下請法のみならず、優越的地位濫用、というか、独禁法そのものが十分に理解されておらず、「談合」、「カルテル」から、「下請いじめ」まで、とにかく“悪の権化”のようなフレーズと一緒こたにして認識されがちな世の中では、このジャンルの「違反」行為が報じられると、被疑企業側が必要以上に甚大なダメージを受ける、という現実もあるわけで、そういった観点からも、もっと規制のあり方をしっかりと考えていくべきではないかなぁ、と思わせてくれたジュリスト6月号の特集。

せめて「優越的地位濫用」のところだけでも問題意識を共有していただくべく、企業法務サイドの方々はもちろん、「報道」に携わる方々にも是非お勧めしたいところである*8

*1:白石忠志=長澤哲也=伊永大輔「優越的地位濫用をめぐる実務的課題」ジュリスト1442号16頁(2012年)

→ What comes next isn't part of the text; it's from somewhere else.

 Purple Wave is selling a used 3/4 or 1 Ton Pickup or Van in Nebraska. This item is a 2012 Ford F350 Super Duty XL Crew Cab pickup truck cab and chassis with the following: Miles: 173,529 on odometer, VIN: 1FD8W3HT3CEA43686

*2:ちなみに、この座談会以外にも、特集の多くが、多田敏明弁護士、平山賢太郎弁護士、梅澤拓弁護士、秋吉信彦裁判官、といった実務家の論稿で占められている、というのが、実務先行で動いているこの業界を象徴するようで、興味深いところである。

*3:この場合、原料価格低下の恩恵を受けている下請事業者自身も、当然だと思って合意するケースが多い。

*4:下請事業者の側も、当然控除されることを織り込んだ上で、単価を決めている。

*5:その意味で、かつて公取委が所管していた時代の景品表示法に近い位置づけの法律だといえるだろう。

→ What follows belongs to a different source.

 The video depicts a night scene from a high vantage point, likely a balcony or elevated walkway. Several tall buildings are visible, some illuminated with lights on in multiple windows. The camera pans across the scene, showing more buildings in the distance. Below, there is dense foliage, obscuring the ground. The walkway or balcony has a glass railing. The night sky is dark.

*6:今号の特集の中では、これからの優越的地位濫用規制をめぐる「裁判所に対する期待」が随所に織り込まれているのだが、こと下請法に関しては、上記のような硬直的な法解釈が取られ続ける限り、裁判所への期待もへったくれもないだろう・・・と思う。

*7:多田敏明「下請法違反の予防のポイント」ジュリスト1442号38頁。どちらかといえば淡々と法令を順守するための注意点を記載しているこの稿だが、ところどころに、当局に対するチクリとした皮肉も入っており、これはこれで興味深い論文である。

*8:「法務インサイド」の記事が載った日の朝刊1面に「ジュリスト」の広告を載せている某紙の場合は特に・・・(笑)。